Die „Würde des Ortes“ – wohl in kaum einem anderen Umfeld spielt sie eine so prägende, wichtige Rolle wie auf dem Friedhof. Als besonders geschützte Räume ermöglichen sie in angemessener Form Trauer zu leben und zu verarbeiten, Erinnerung zu pflegen und wach zu halten. Allein, was mach diese „Würde des Ortes“ aus, was erzeugt sie, was muss man tun, um sie zu erhalten? Wohl jeder Friedhofsverantwortliche hat darauf seine ganz persönlich Sicht, denn jeder Friedhof ist in sich einzigartig.

Allen Friedhöfen gemein aber ist, dass sie sich an den Bedürfnissen der Menschen orientieren sollten, denn die Würde des Ortes ist kein Selbstzweck, sondern ein Rahmen, um zutiefst menschlichen Gefühlen einen sicheren Raum zu bieten. Was wir dabei als angemessen empfinden, hat sich mit dem Zeitgeist immer wieder verändert – nicht zuletzt auch abzulesen an der Gestaltung von Grabmalen. Sie waren immer schon Ausdruck von sich verändernden Geschmacksvorlieben.
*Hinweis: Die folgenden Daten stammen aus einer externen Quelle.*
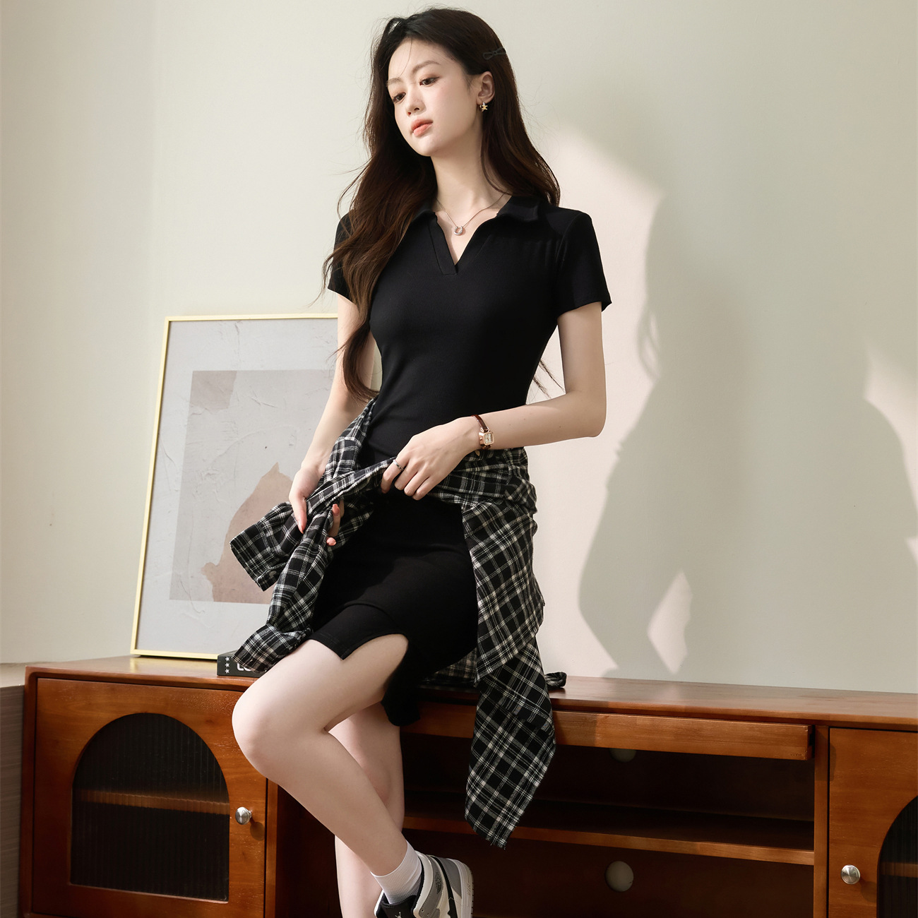 Cinched waist slim new Chinese style buckle stand-up collar shirt dress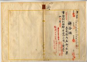 五〇 台南庁長松木茂俊ノ内申ニ依リ疾病ノ為メ退官ヲ出願シタル台南庁属石野末男ニ事務格別勉励ニ付キ一時金ヲ賞与ス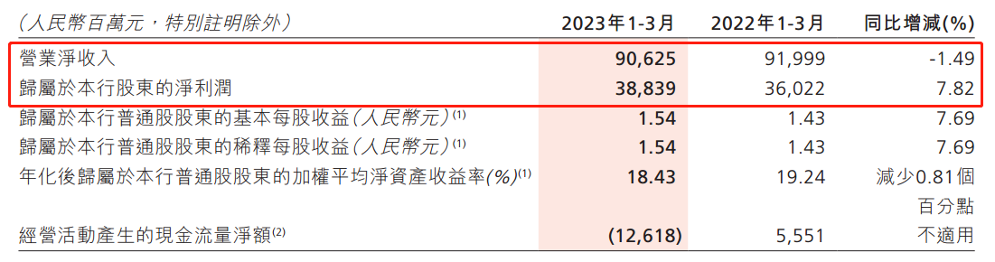 ATFX港股:招商银行是A股市场银行板块第一高价股,总市值8126亿元,排名第五。作为股份制银行,招商银行的总市值甚至超越了交通银行、邮储银行等国有银行,其实力可见一斑。但是,昨日公布的一季报显示,招商银行营收总额906.4亿元,同比减少1.47%,出现罕见下降。净利润总额388.4亿元,同比微增7.82%。两项核心指标表现均不佳,导致招商银行A股股价下跌4.73%(截至11:30),港股股价下跌6.45%,股票市场信心受挫。

In Baden-Württemberg hat jetzt eine Verwaltung das Abräumen einer modernen, auffälligen Grabskulptur gerichtlich erzwungen. In der Begründung des Richters heißt es: „Einer würdigen Bestattung und einem ungestörten Totengedenken stehen auch solche Grabmale entgegen, die aufdringlich, effektheischend oder sonst objektiv geeignet sind, Ärgernis zu erregen und den allgemeinen Friedhofszweck des Totengedenkens zu beeinträchtigen.“  Allerdings: An der beanstandeten Skulptur war nichts Anstößiges oder gar Sittenwidriges, der Stein des Anstoßes war ihre auffällig gelb-orange Farbe.

Friedhofsverwaltende haben den Spagat zu bewältigen, einerseits individuelle Trauer zu ermöglichen, andrerseits aber auch den Schutz des Kulturraums Friedhof und die Regelungen der jeweiligen Friedhofssatzung im Blick zu halten. Dabei sollten wir jedoch die berechtigten Interessen der betroffenen Angehörigen in unsere Entscheidungen einbeziehen, und – wo möglich – auch Einzelfallentscheidung zulassen. Das ist sicherlich nicht immer einfach. Sich dabei an Kritiklern zu orientieren, die anderen Geschmack als „Ärgernis“ empfinden und dazu Gerichtsurteile zu erzwingen, ist sicherlich kein guter Weg. Es gibt fast immer für alle Seiten akzeptable Kompromisse, und diese gilt es auszuloten und zu moderieren. Dazu braucht es vor allem Empathie und Offenheit ­ – und kein Verharren in überholten Friedhofsbildern von gestern.

Die Würde des Ortes zu wahren ist zweifellos eine unserer wichtigsten Aufgaben. Jedem alles zu erlauben ist sicher nicht der richtige Weg. Allerdings dürfen wir die Menschen und die Veränderungen in unserer Gesellschaft nicht übergehen, wenn wir von zeitgemäßer Friedhofsverwaltung sprechen.